▸ **TASK OBJECTIVE**: Down to the last line below, write out every line exactly, starting with the one that contains "single screen. |" and leaving out the pictures.

━━━ EXTRACTED DATA ━━━

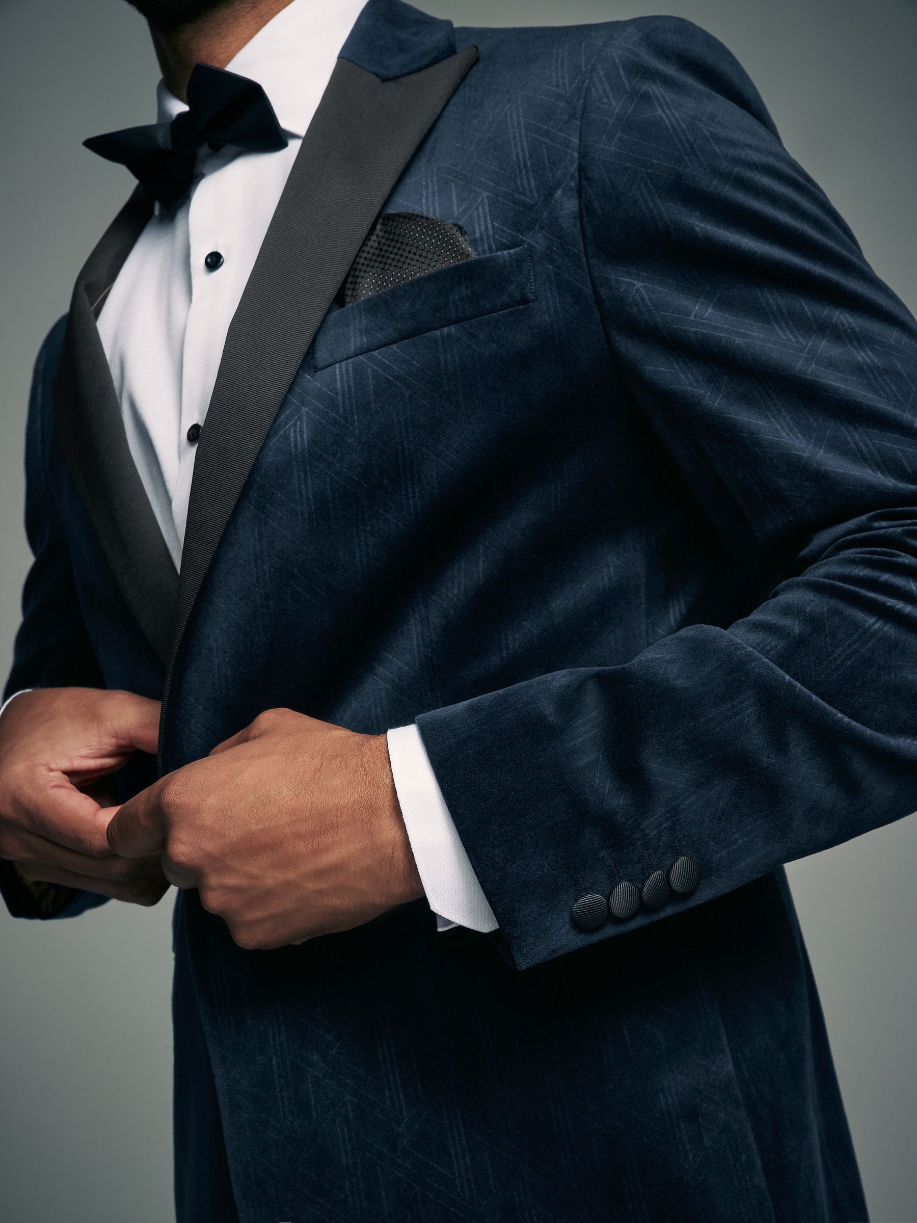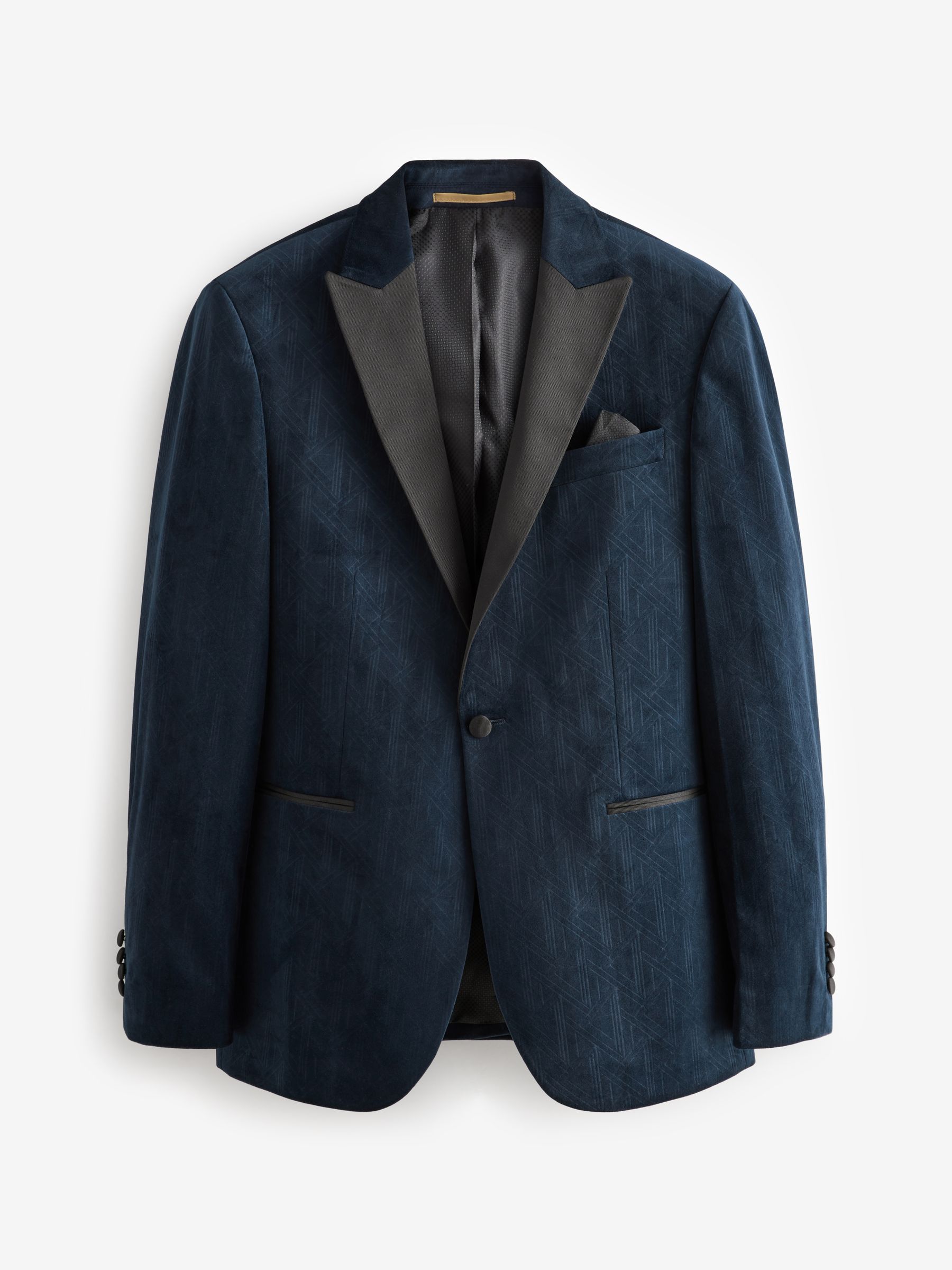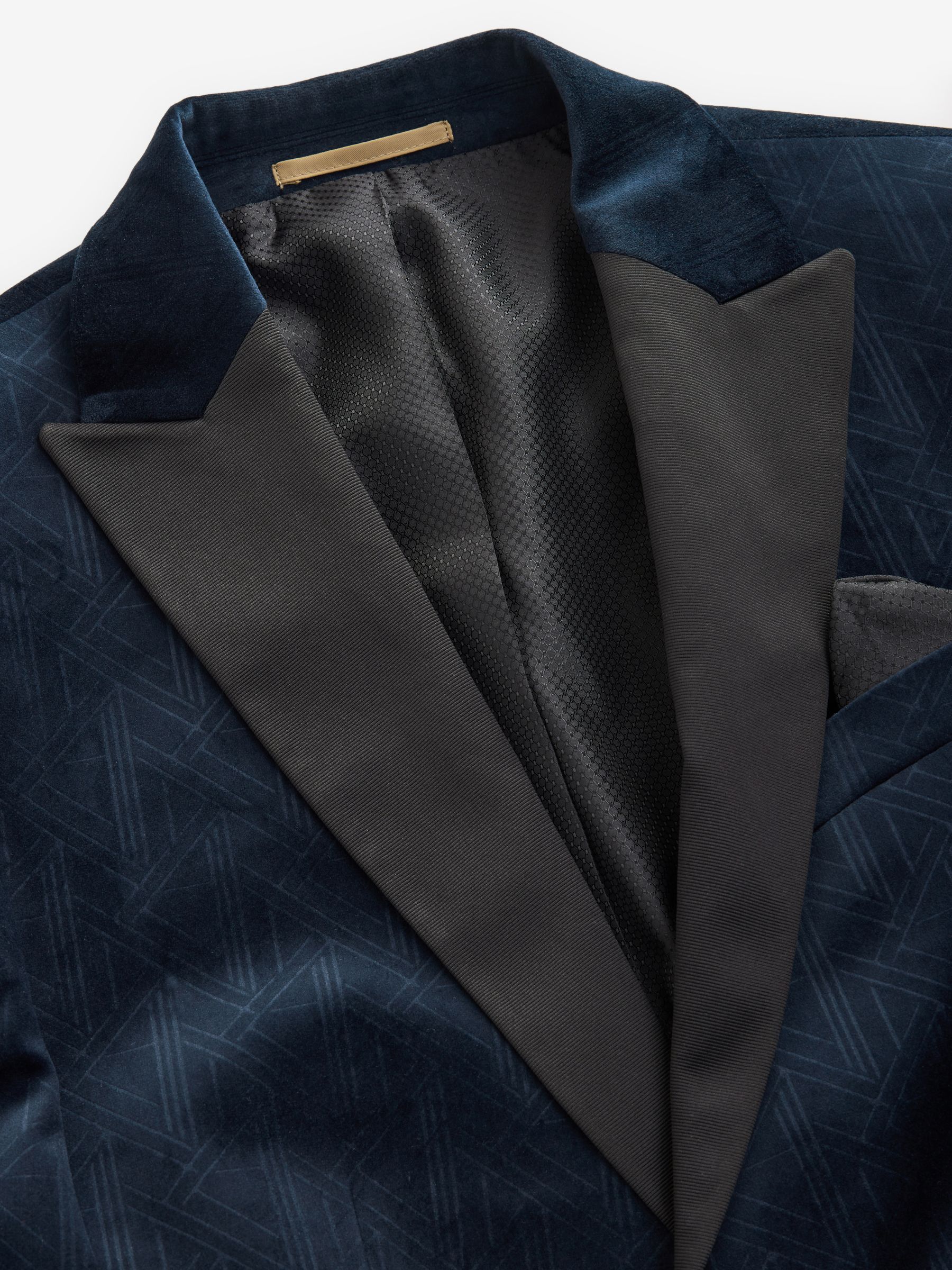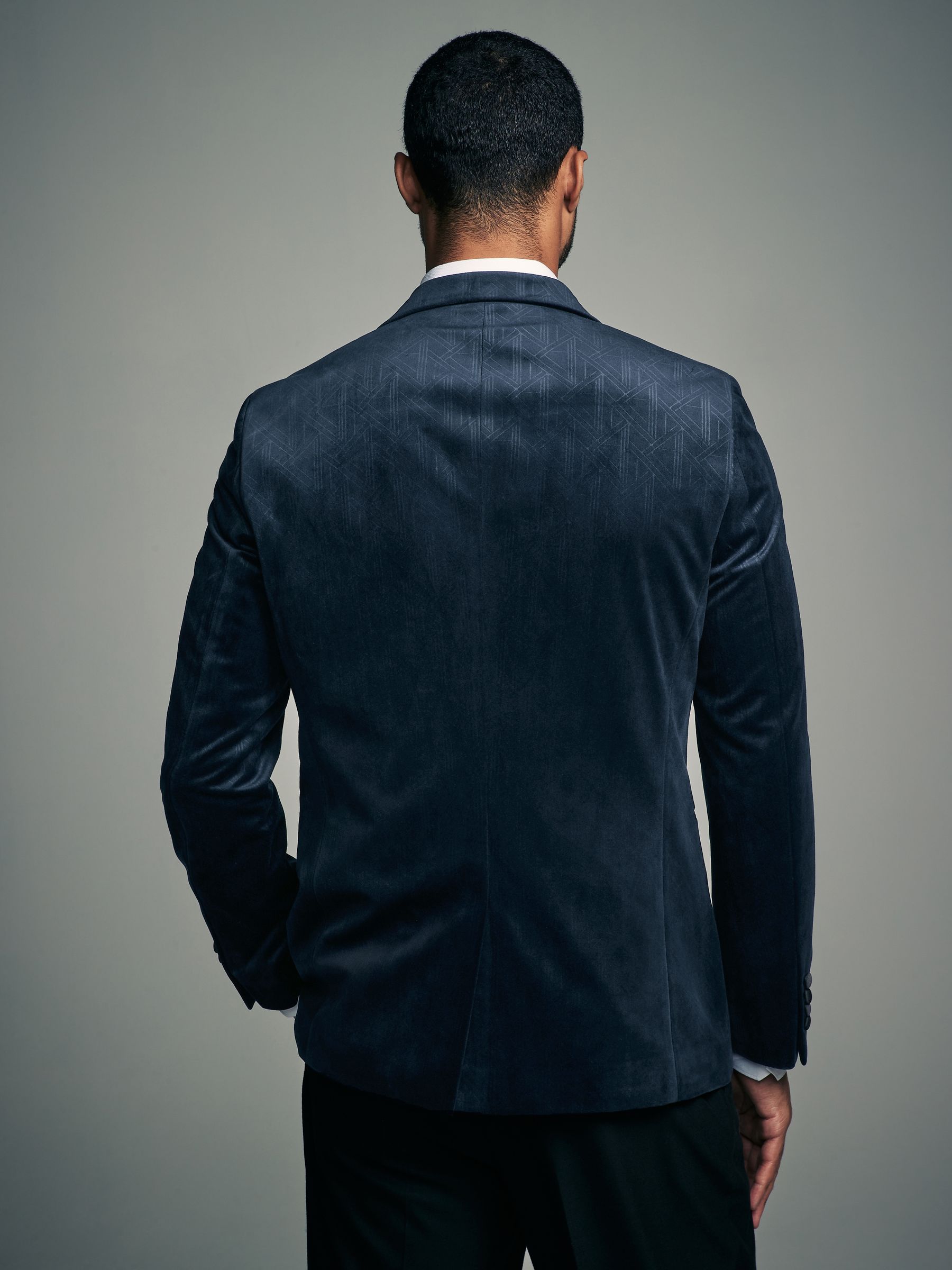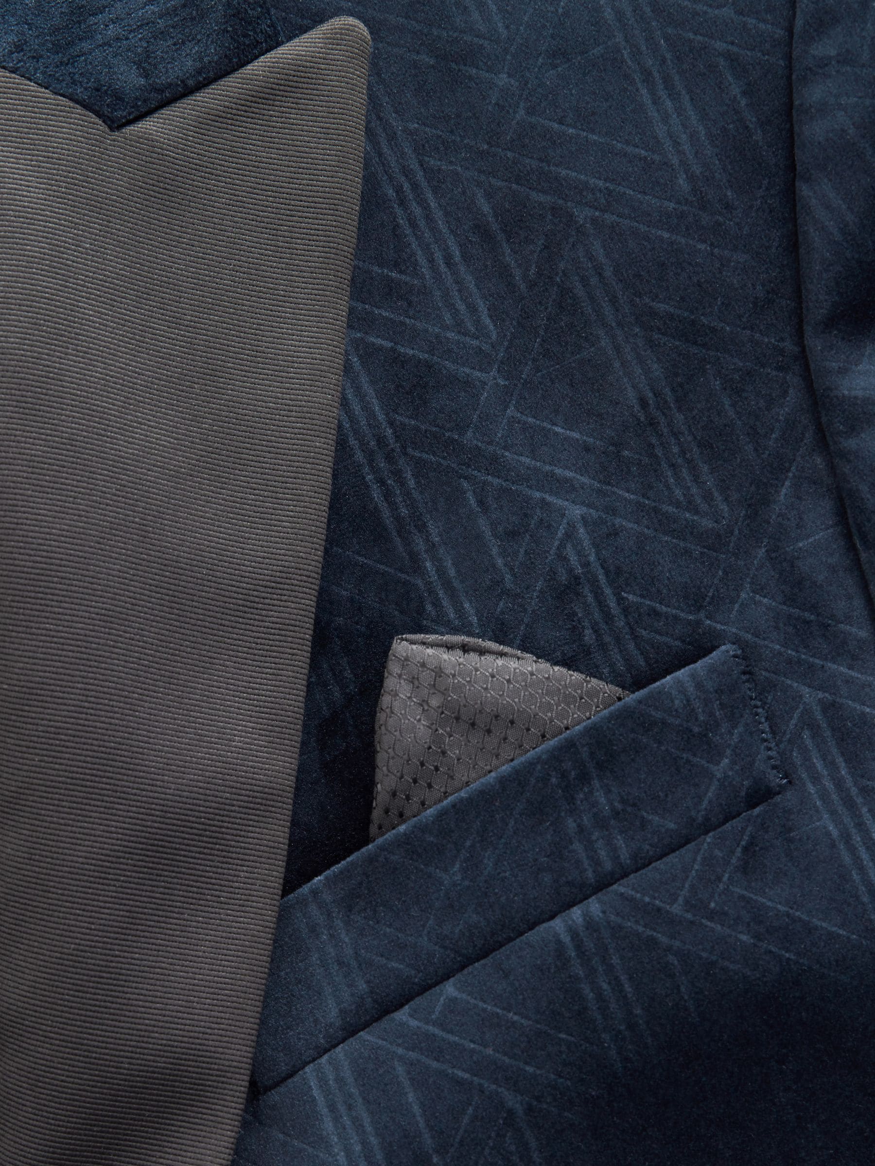This textured slim fit velvet blazer features a geometric all-over pattern with contrasting black satin lapels, finished with a single-breasted button-fastened construction. Ideal for Christmas parties and formal dinners. Slim fit Geometric pattern Satin lapels Single breasted Button fastening Dry clean only. Main 100% Recycled polyester. Lining 100% Polyester.
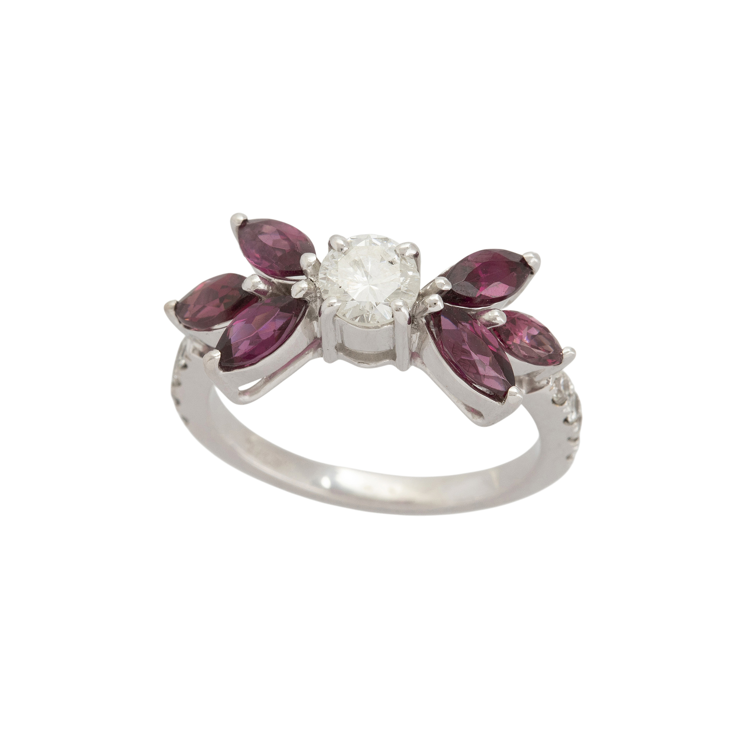 SAYEGH SIGNATURE. Anel de ouro branco com 1,20ct de turmalinas rosa e 0,71ct de brilhante. Medida 16.
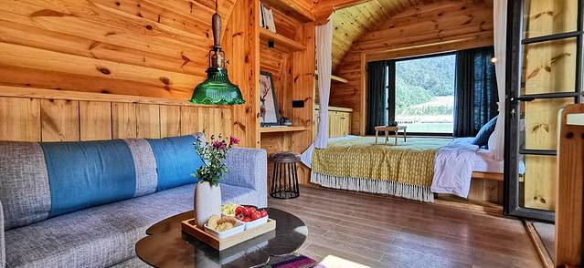木桶酒店,是由一个或两个像红酒桶一样的超大木桶构成,房间内有一张别有风情的榻榻米,清晨伴着阳光和微风醒来,感觉舒适又温馨。外面就是一片湖光风景,夜间可以观望星海苍茫,清晨可以欣赏九如山的日出风光。
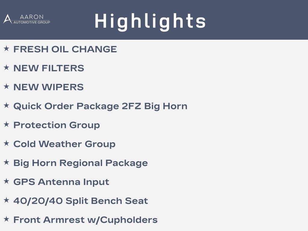FRESH OIL CHANGE, NEW FILTERS, NEW WIPERS, 3500 Big Horn, 4D Crew Cab, Cummins 6.7L I6 Turbodiesel, 6-Speed Automatic, 4WD, 115V Auxiliary Power Outlet, 40/20/40 Split Bench Seat, 8.4" Touchscreen Display, Big Horn Badge, Big Horn Regional Package, Bright/Bright Billets Grille, Center Hub, Cold Weather Group, Dual front side impact airbags, Engine Block Heater, Fog Lamps, Folding Flat Load Floor Storage, Front Armrest w/Cupholders, Front Center Seat Cushion Storage, GPS Antenna Input, Leather Wrapped Steering Wheel, Overhead airbag, ParkSense Rear Park Assist System, ParkView Rear Back-Up Camera, Power 10-Way Driver Seat, Power Lumbar Adjust, Premium Cloth 40/20/40 Bench Seat, Protection Group, Quick Order Package 2FZ Big Horn, Rear 60/40 Split Folding Seat, Remote Start System, Remote USB Port - Charge Only, Steering Wheel Mounted Audio Controls, Storage Tray, Underhood Lamp, Wheels: 18" x 8.0" Polished Aluminum, Winter Front Grille Cover.CARFAX One-Owner.
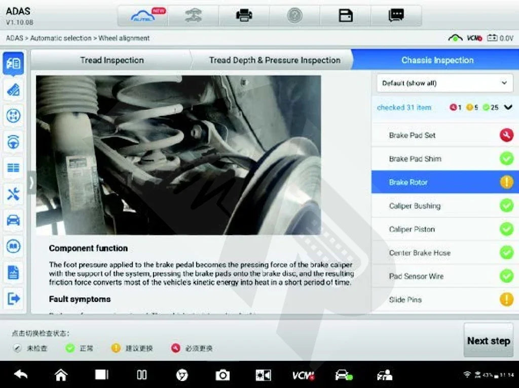 | Vehicle inspection of tires, brakes, suspension, steering, and more. Mark service recommendations, attach photos and notes. | Live alignment reading display. | Illustrated Alignment instructions, live readings, required tools, and adjustment locations display on a single screen. |
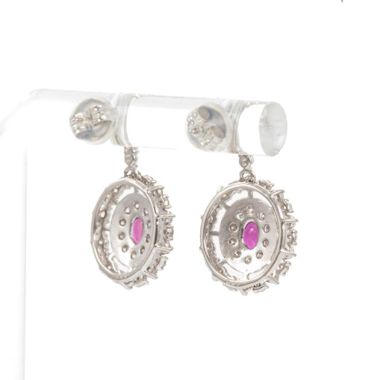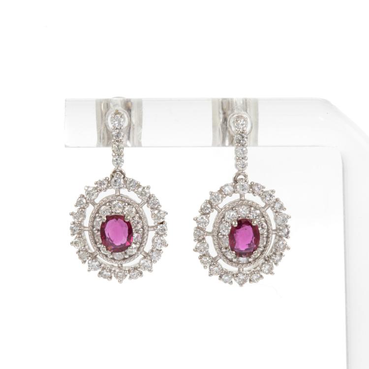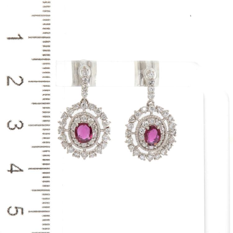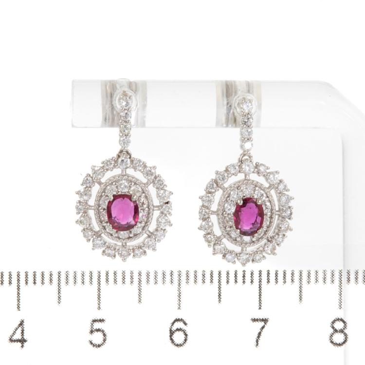 Ruby and Diamond dangle earrings with 2 oval shape Natural Rubies totalling 0.51cts and round Natural Diamonds totalling 0.88cts (Estimated grading: G SI-P1). Platinum 950 with 18ct white gold and silicon backs. Weight: 4.0g. (Pre-owned)
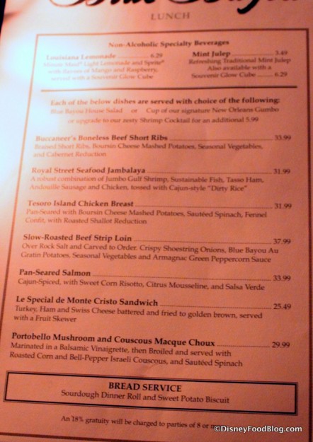 The first thing that you’re likely to notice about the menu is that it is rather small. The second is that it’s pretty pricey. Included with each entree is your choice of either the Blue Bayou House Salad or the New Orleans Gumbo. More about those in a minute.
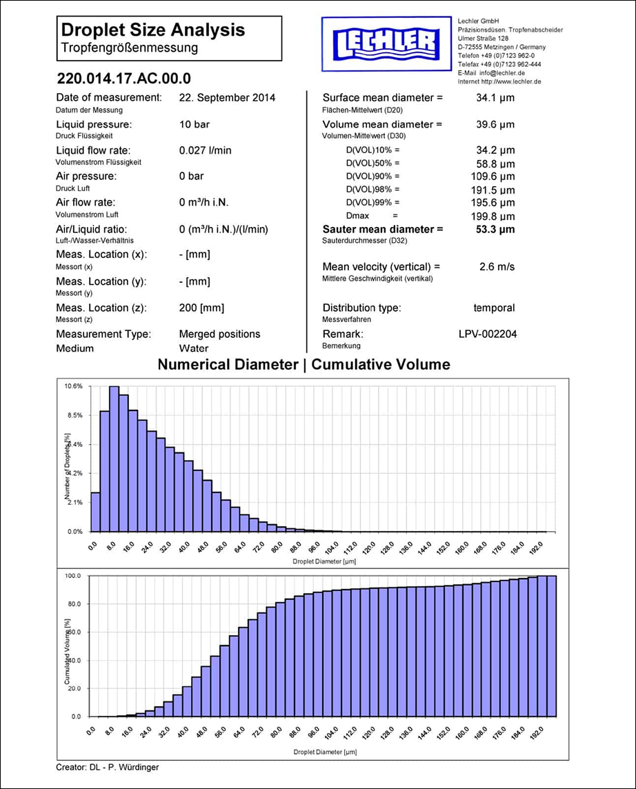 - размеры капель D20, D30, D32 и распределение капель по объему от DV10 до DV99, и Dmax.
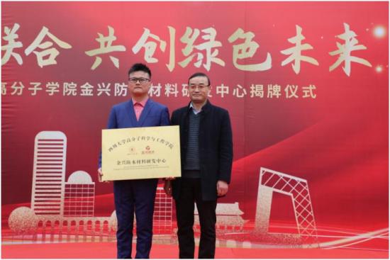 揭牌儀式由大邑縣委、經開區管委會、川大高分子學院和金興領導共同完成。川大高分子學院領導表示將不斷增強校企聯系,實現優勢互補,共同推進金興企業高分子材料研發生產。金興企業董事長期待與川大高分子學院攜手推進綠色防水事業發展,共享新一輪綠色產業的創新成果。

━━━

▸ **ANSWER FOR THE TASK**:
 | Vehicle inspection of tires, brakes, suspension, steering, and more. Mark service recommendations, attach photos and notes. | Live alignment reading display. | Illustrated Alignment instructions, live readings, required tools, and adjustment locations display on a single screen. |
 Ruby and Diamond dangle earrings with 2 oval shape Natural Rubies totalling 0.51cts and round Natural Diamonds totalling 0.88cts (Estimated grading: G SI-P1). Platinum 950 with 18ct white gold and silicon backs. Weight: 4.0g. (Pre-owned)
 The first thing that you’re likely to notice about the menu is that it is rather small. The second is that it’s pretty pricey. Included with each entree is your choice of either the Blue Bayou House Salad or the New Orleans Gumbo. More about those in a minute.
 - размеры капель D20, D30, D32 и распределение капель по объему от DV10 до DV99, и Dmax.
 揭牌儀式由大邑縣委、經開區管委會、川大高分子學院和金興領導共同完成。川大高分子學院領導表示將不斷增強校企聯系,實現優勢互補,共同推進金興企業高分子材料研發生產。金興企業董事長期待與川大高分子學院攜手推進綠色防水事業發展,共享新一輪綠色產業的創新成果。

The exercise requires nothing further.